BEGIN Exercise data
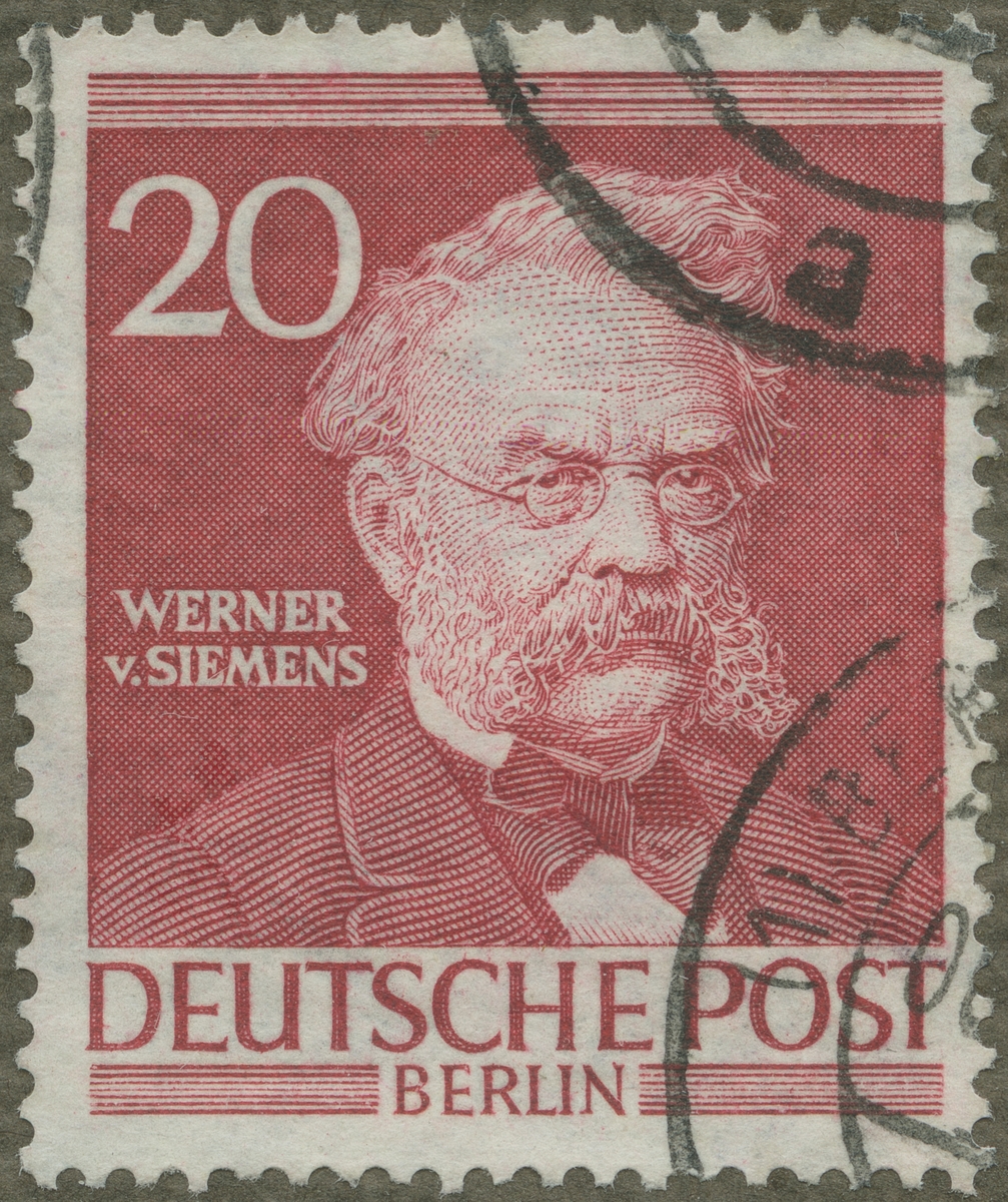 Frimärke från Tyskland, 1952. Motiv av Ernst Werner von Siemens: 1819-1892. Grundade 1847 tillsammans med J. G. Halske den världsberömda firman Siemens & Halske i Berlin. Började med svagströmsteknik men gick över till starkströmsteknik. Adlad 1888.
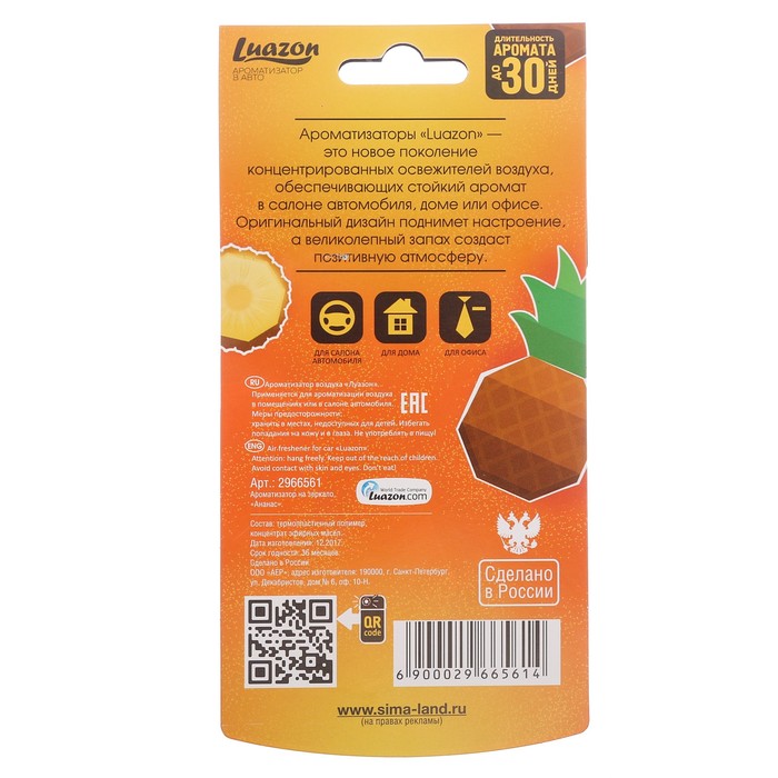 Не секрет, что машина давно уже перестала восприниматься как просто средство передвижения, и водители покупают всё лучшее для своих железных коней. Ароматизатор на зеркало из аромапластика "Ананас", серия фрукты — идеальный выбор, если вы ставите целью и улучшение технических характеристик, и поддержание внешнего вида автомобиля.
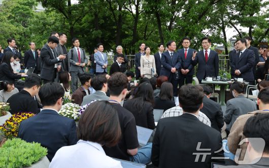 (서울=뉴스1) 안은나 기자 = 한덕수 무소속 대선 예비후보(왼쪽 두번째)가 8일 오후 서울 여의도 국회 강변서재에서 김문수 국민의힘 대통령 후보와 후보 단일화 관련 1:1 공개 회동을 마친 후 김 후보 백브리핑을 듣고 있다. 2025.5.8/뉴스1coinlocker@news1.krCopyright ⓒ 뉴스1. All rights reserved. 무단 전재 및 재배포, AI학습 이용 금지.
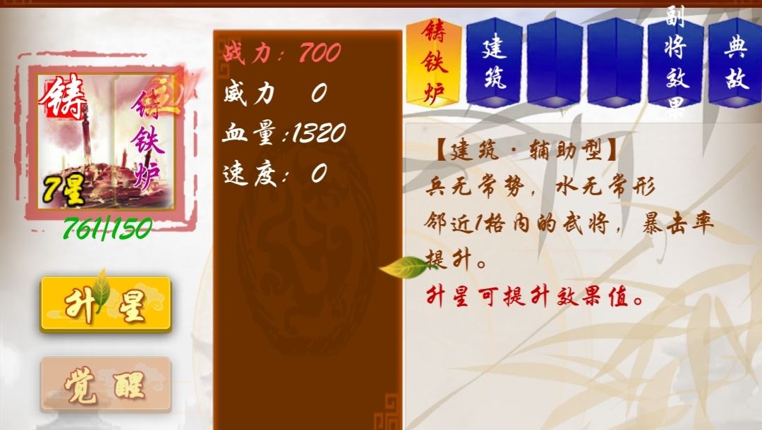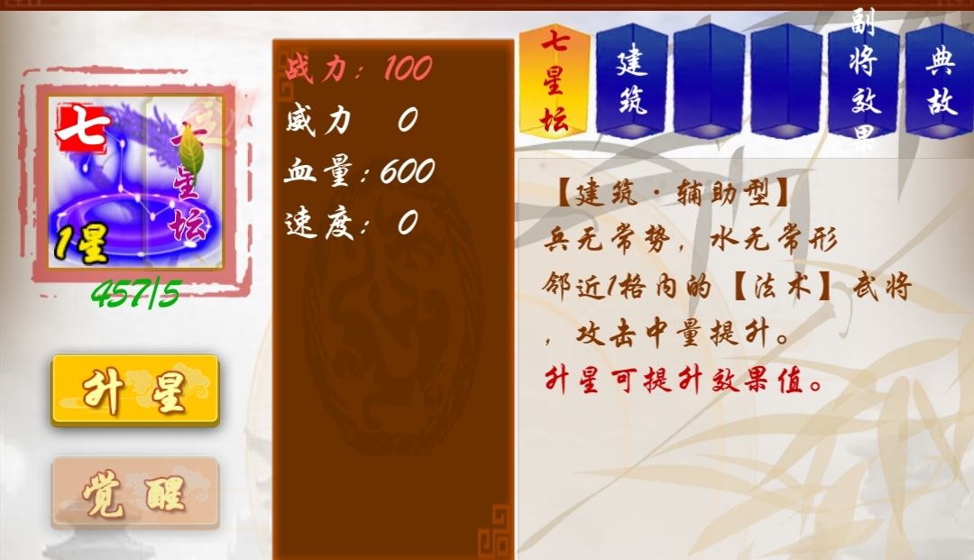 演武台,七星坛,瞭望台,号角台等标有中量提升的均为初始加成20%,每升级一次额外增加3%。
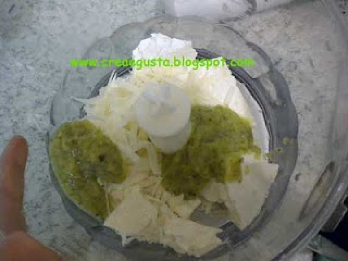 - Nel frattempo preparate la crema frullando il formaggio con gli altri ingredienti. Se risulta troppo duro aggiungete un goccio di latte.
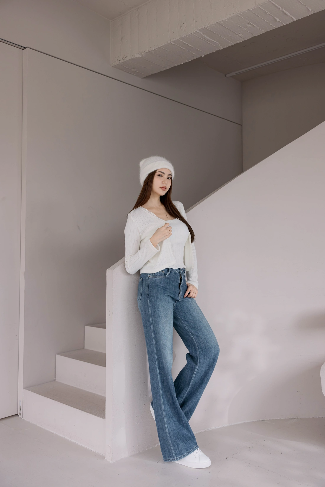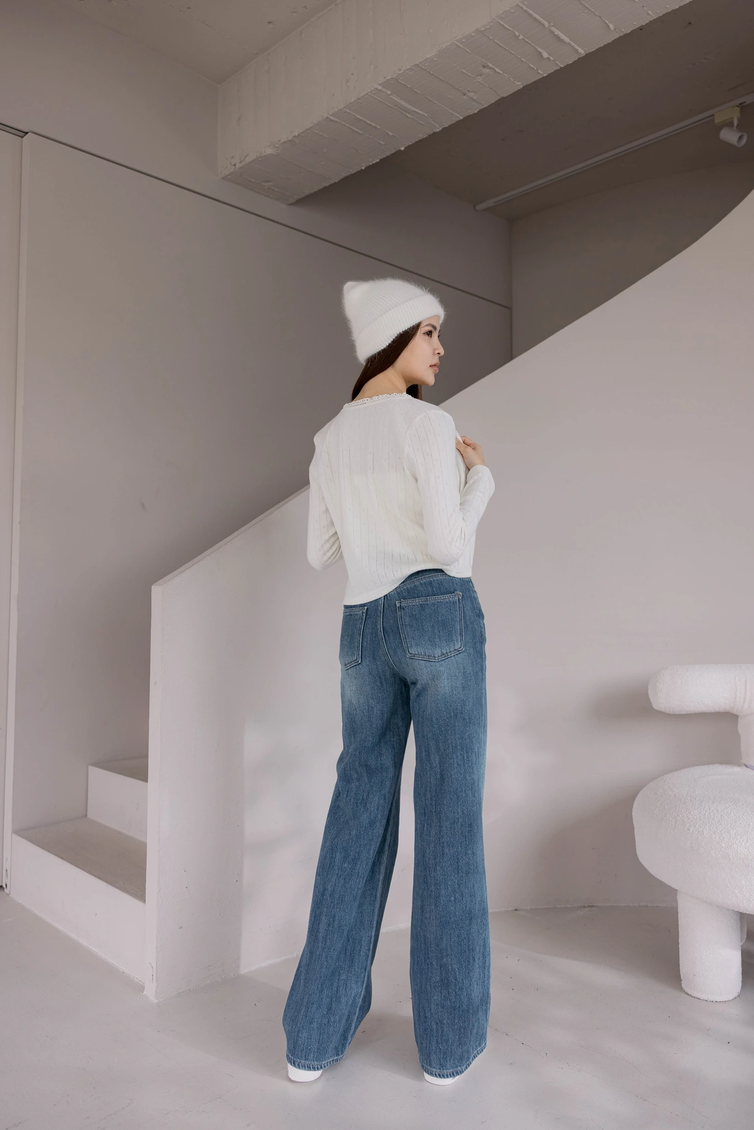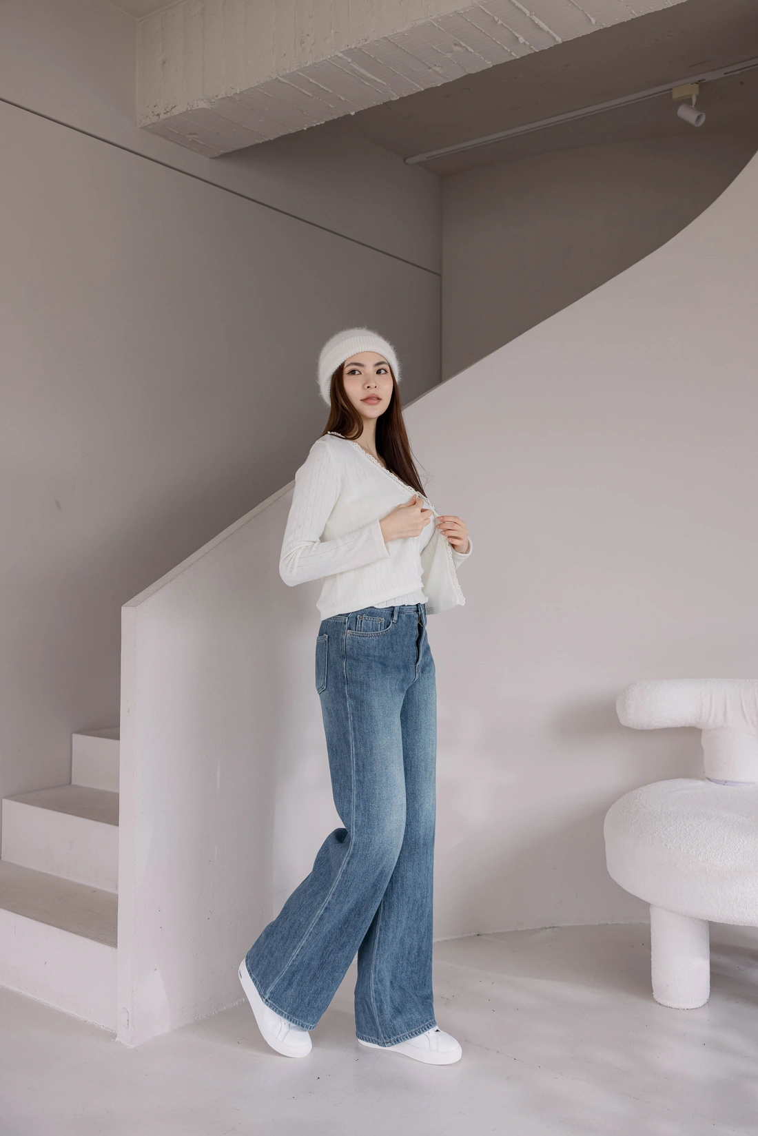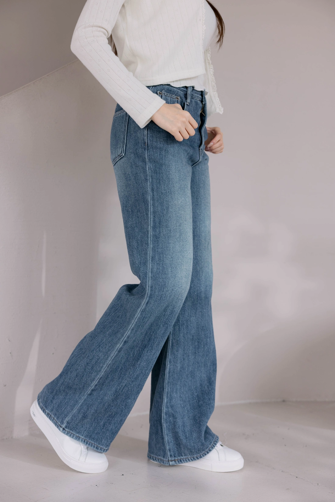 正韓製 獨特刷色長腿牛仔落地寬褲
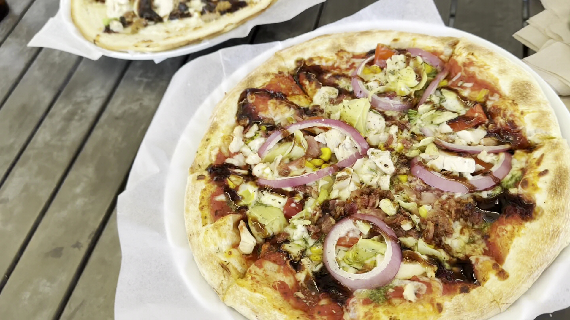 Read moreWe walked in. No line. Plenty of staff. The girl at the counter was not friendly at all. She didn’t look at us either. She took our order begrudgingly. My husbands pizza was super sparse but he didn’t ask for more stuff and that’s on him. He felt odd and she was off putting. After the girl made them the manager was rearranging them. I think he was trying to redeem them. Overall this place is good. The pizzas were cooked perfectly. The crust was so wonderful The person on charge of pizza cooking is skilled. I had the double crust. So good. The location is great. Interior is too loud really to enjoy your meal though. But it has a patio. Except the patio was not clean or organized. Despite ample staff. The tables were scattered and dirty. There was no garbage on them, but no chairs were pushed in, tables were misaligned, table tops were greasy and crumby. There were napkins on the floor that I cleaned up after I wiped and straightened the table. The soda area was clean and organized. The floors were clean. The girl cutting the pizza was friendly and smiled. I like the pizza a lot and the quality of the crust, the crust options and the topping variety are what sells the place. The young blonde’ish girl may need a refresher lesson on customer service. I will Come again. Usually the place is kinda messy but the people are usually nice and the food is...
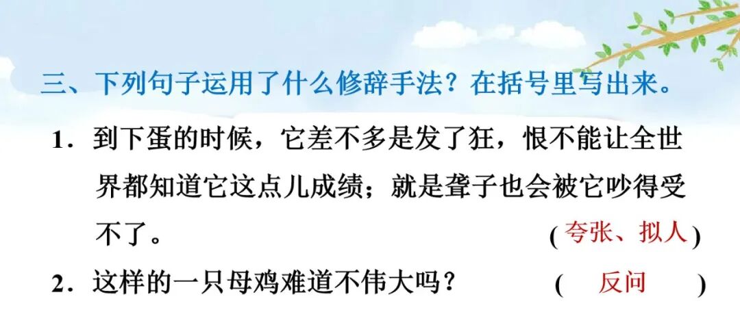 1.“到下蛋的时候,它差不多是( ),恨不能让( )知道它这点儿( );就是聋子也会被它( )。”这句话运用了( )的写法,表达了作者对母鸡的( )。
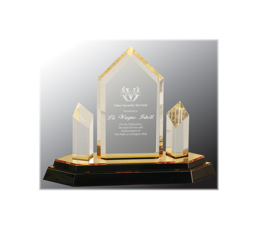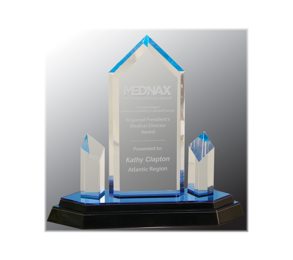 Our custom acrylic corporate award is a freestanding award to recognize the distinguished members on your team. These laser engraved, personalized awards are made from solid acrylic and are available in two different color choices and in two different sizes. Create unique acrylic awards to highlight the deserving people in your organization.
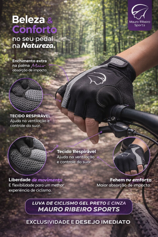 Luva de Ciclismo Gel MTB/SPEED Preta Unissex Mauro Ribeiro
END Exercise data
## [Your task]
All lines from the start of the entries above through the line containing "正韓製 獨特刷色長腿牛仔落地寬褲" are to be given again exactly; the pictures are not.

## [Result]
 Frimärke från Tyskland, 1952. Motiv av Ernst Werner von Siemens: 1819-1892. Grundade 1847 tillsammans med J. G. Halske den världsberömda firman Siemens & Halske i Berlin. Började med svagströmsteknik men gick över till starkströmsteknik. Adlad 1888.
 Не секрет, что машина давно уже перестала восприниматься как просто средство передвижения, и водители покупают всё лучшее для своих железных коней. Ароматизатор на зеркало из аромапластика "Ананас", серия фрукты — идеальный выбор, если вы ставите целью и улучшение технических характеристик, и поддержание внешнего вида автомобиля.
 (서울=뉴스1) 안은나 기자 = 한덕수 무소속 대선 예비후보(왼쪽 두번째)가 8일 오후 서울 여의도 국회 강변서재에서 김문수 국민의힘 대통령 후보와 후보 단일화 관련 1:1 공개 회동을 마친 후 김 후보 백브리핑을 듣고 있다. 2025.5.8/뉴스1coinlocker@news1.krCopyright ⓒ 뉴스1. All rights reserved. 무단 전재 및 재배포, AI학습 이용 금지.
 演武台,七星坛,瞭望台,号角台等标有中量提升的均为初始加成20%,每升级一次额外增加3%。
 - Nel frattempo preparate la crema frullando il formaggio con gli altri ingredienti. Se risulta troppo duro aggiungete un goccio di latte.
 正韓製 獨特刷色長腿牛仔落地寬褲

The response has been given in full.